Not Exactly a Manifesto
Nossiter’s vision of wine sees a world of industrial wine versus natural wine and industrial wine needs to disappear because, well, it isn’t really wine at all. It’s just a toxic chemical concoction. A lot of people see wine in terms of a dichotomy — wine of the market versus wine of place, commercial wine versus fine wine, you get the idea. Generally they make this distinction in order to favor one type of wine — almost always the terroirist side of the equation.
My realist perspective is that there many types of wine, including high volume commercial wines. They are all wine and each category fills a consumer niche. What is important to me is that the big doesn’t crowd out the small, that terroir wines and the terroir that produces them endures.

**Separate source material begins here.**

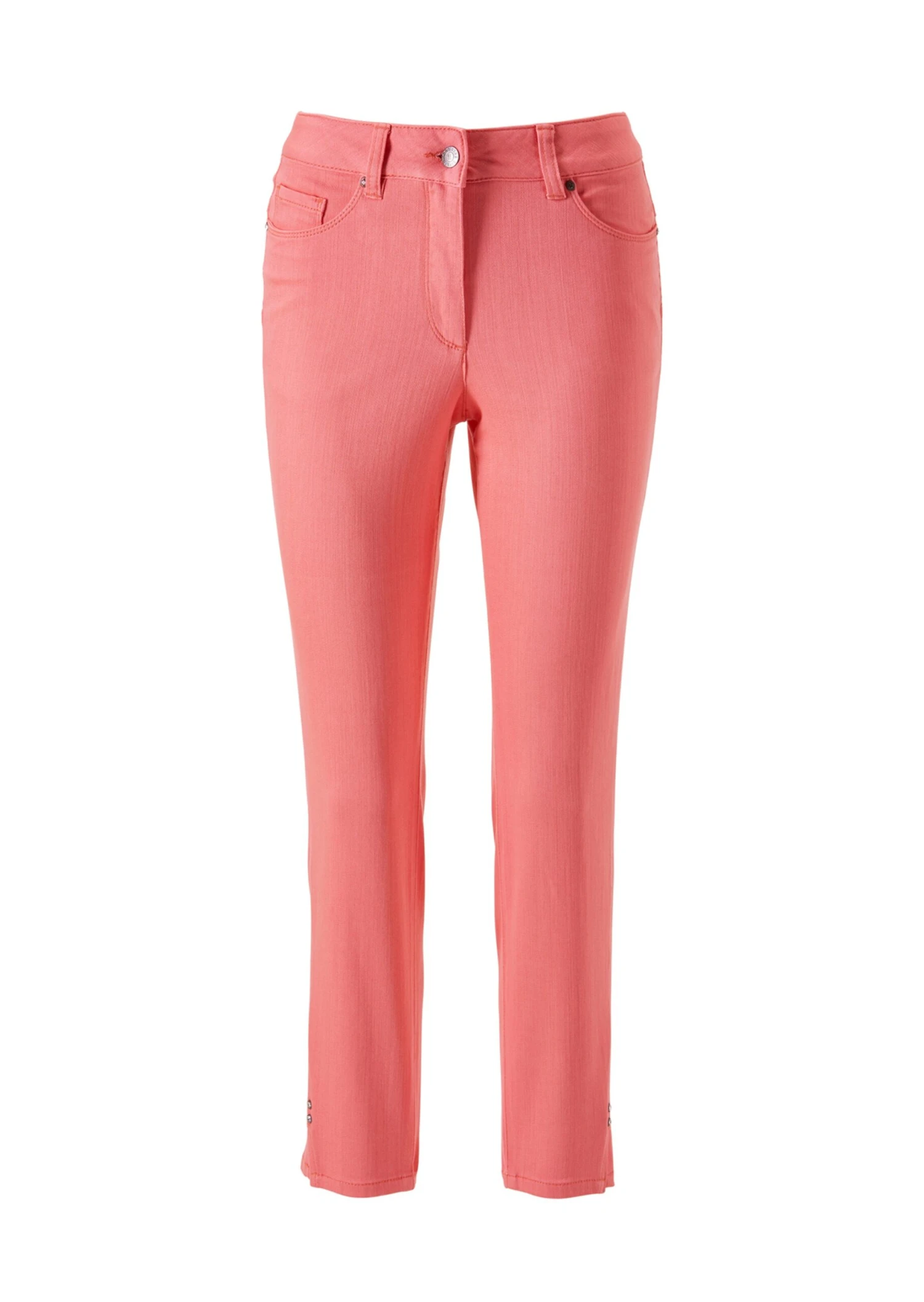 Die Lieblingsjeans erhält ein cooles Upgrade – mit einem brillanten Modestatement. Applizierte Strassnieten werden zum raffinierten Stilmittel und setzen an Taschen und kleinem Saumschlitz dekorative Akzente. Knackig und trotzdem komfortabel im Sitz zeigt sich die 7/8-Jeans in schlankem 5-Pocket-Style und ist mit Formbund, Gürtelschlaufen und Rückenpasse gestaltet. Entdecken Sie auch bei dieser Hose die typischen Madeleine-Details wie M-Logo-Knopf und -Nieten. Eine Fashion-Favoritin, mit der sich immer wieder neue Looks zaubern lassen – ob sportlich im angesagten Athleisure-Stil oder – mit eleganten Styling-Partnern – souverän im Office-Look.

And that consumers understand the choices they make and their implications.
It’s a complicated situation, a fact easily illustrated by the case of Canadian billionaire Anthony von Mandl. Terroirist or not? You be the judge!
On one hand, von Mandl is the head of the company that makes Mike’s Hard Lemonade and White Claw hard seltzer. These terroir-free alco-pop beverages are insanely popular and my market research friends tell me that they are partly responsible for declining sales of inexpensive (and, it must be said, also relatively terroir-free) commodity wine.

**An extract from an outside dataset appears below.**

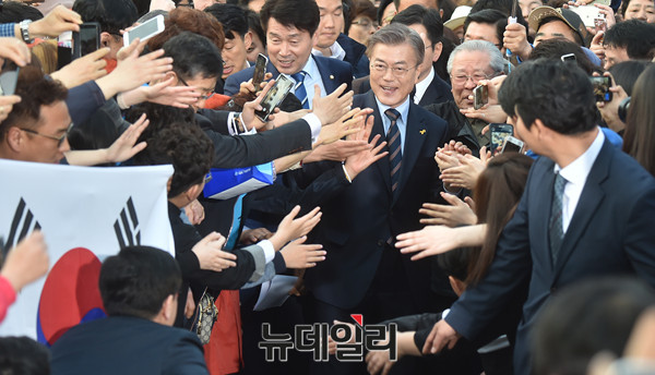 문재인 더불어민주당 대선후보가 21일 오후 인천 부평구 부평역 앞 광장에서 열린 집중유세에서 시민들과 하이파이브를 하고 있다.

On the other hand, however, von Mandl is the Robert Mondavi of the Okanagan Valley in Canada. He’s the founder of iconic Mission Hill Winery and, according to a recently VinePair report, is a driving force in British Columbia’s organic wine movement. Six wineries in von Mandl’s Mark Anthony Group are leading the charge, converting about 1300 acres to organic viticulture: Mission Hill Family Estate, CedarCreek Estate Winery, Road 13 Vineyards, Liquidity Wines, Martin’s Lane and Checkmate Artisanal Winery.
Do you appreciate irony here? White Claw money funding a terroirist revenge in the beautiful Okanagan Valley.
Whether you think of terroirism as a broad phenomenon or a narrow reaction movement, I hope you can see its importance in the wine wars of today and the battles of tomorrow. Are we all really terroirists now? No, not really. But the I think the wine world has come a long way from the David versus Goliath world of Mondovino.
“We are all Keynesians now” is the comment commonly attributed to Friedman and Nixon and if they were still alive they would probably repeat the saying again. I cannot think of any time in the past 40 years when fiscal policy has been more important.
A phrase that I’d said frequently for years was echoed in the middle of this article. “It’s not that I’m anti-Big-Business. It’s just that I’m pro-Small-Business.”
“”We are all Keynesians now” is the comment commonly attributed to Friedman and Nixon and if they were still alive they would probably repeat the saying again. I cannot think of any time in the past 40 years when fiscal policy has been more important.”
What do you mean with this at the end. Why is fiscal policy so important? And what should it be? Is it in relation to Covid19 recovery, or the terroirists?
Sorry I wasn’t clearer, Paul. Many economists think that monetary policy has reached its current limits in terms of ability to stimulate the economy, so the focus now, much more than in the last couple of decades, is on government (fiscal) policy. So it is about the economy not terroir. Thanks for your comment.